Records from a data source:

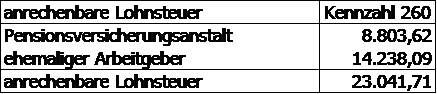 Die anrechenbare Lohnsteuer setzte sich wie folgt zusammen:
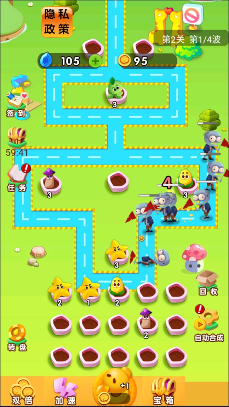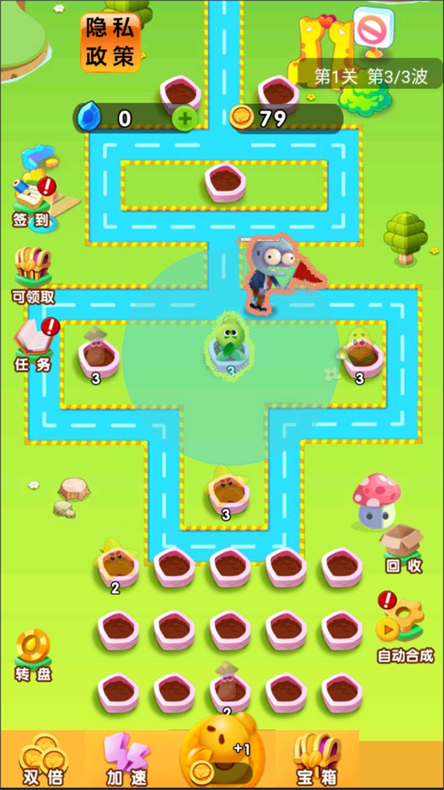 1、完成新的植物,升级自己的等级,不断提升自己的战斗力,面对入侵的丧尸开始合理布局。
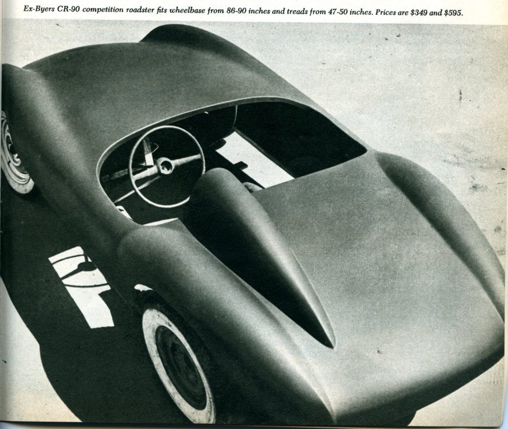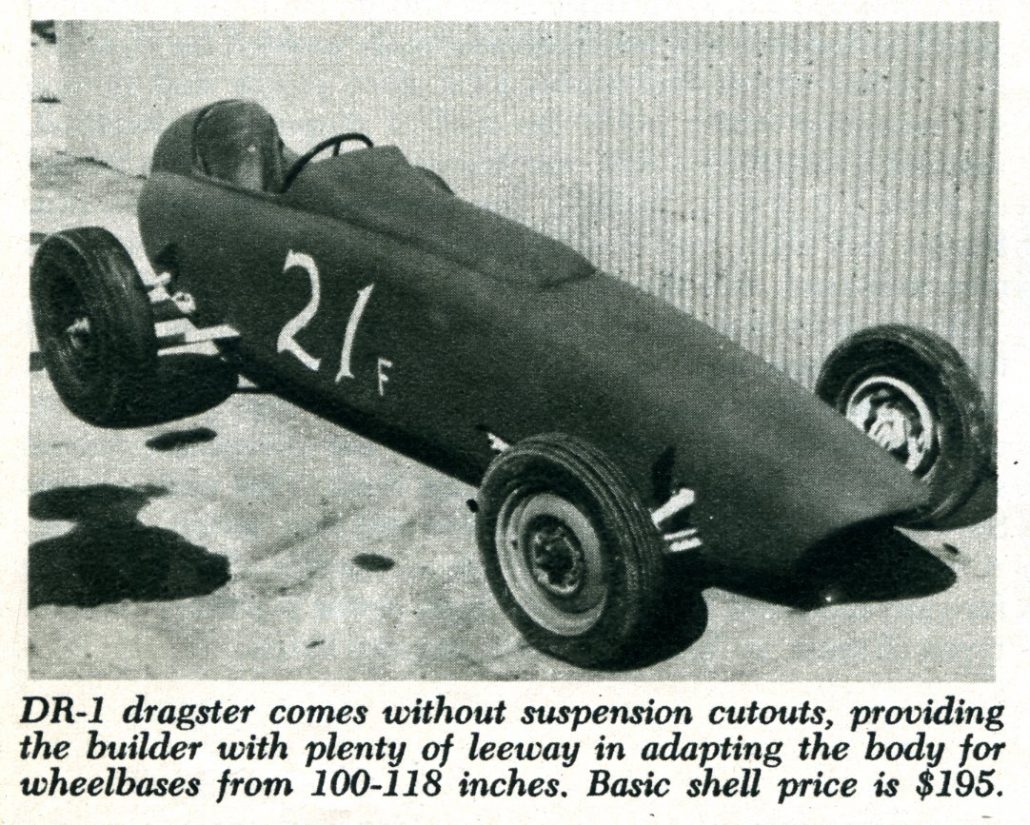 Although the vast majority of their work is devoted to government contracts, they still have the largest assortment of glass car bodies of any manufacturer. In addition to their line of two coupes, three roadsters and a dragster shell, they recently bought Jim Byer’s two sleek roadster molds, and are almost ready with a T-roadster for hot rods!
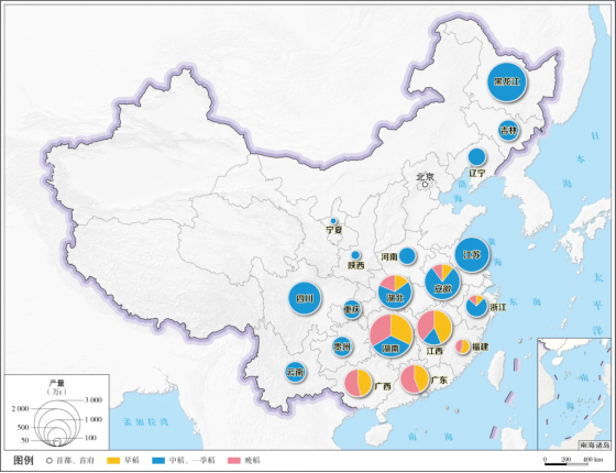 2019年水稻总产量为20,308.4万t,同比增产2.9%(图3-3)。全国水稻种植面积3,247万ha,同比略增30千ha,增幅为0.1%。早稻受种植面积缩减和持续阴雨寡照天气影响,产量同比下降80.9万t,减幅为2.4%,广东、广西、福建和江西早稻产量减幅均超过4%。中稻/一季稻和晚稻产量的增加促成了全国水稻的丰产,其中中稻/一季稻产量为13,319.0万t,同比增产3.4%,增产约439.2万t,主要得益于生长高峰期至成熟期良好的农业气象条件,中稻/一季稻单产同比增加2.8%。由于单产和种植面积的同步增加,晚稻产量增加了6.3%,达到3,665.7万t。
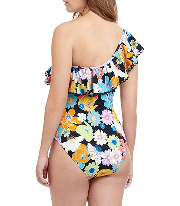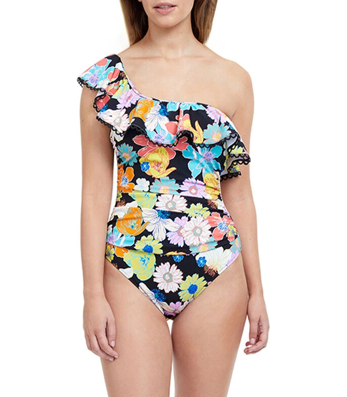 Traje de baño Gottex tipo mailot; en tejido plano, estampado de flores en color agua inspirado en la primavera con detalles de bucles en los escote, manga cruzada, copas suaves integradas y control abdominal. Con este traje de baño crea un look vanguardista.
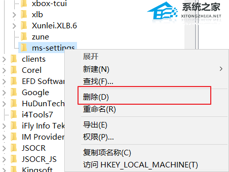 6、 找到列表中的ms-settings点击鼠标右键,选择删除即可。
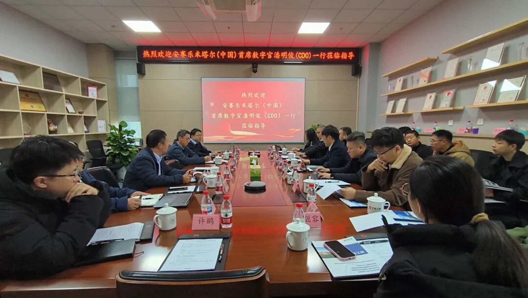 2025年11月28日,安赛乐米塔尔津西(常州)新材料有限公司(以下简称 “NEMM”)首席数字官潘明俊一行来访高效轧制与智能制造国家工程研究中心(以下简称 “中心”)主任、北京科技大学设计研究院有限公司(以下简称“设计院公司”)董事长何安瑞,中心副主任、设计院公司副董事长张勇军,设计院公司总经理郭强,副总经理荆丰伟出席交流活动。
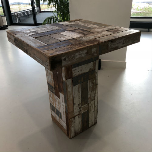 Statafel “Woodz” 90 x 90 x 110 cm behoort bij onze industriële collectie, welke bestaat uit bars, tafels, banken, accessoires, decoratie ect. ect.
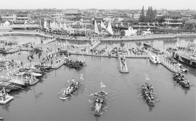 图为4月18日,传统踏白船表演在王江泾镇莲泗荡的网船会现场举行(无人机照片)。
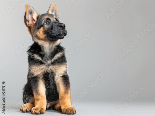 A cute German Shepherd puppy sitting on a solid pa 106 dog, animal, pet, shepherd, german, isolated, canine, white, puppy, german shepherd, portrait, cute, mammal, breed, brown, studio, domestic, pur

| Problem to work on |
Lines from the one containing "图为4月18日,传统踏白船表演在王江泾镇莲泗荡的网船会现场举行(无人机照片)。" through the end of the entries above, both included, are to be written out exactly; no pictures and no other lines.

| Task answer |
 图为4月18日,传统踏白船表演在王江泾镇莲泗荡的网船会现场举行(无人机照片)。
 A cute German Shepherd puppy sitting on a solid pa 106 dog, animal, pet, shepherd, german, isolated, canine, white, puppy, german shepherd, portrait, cute, mammal, breed, brown, studio, domestic, pur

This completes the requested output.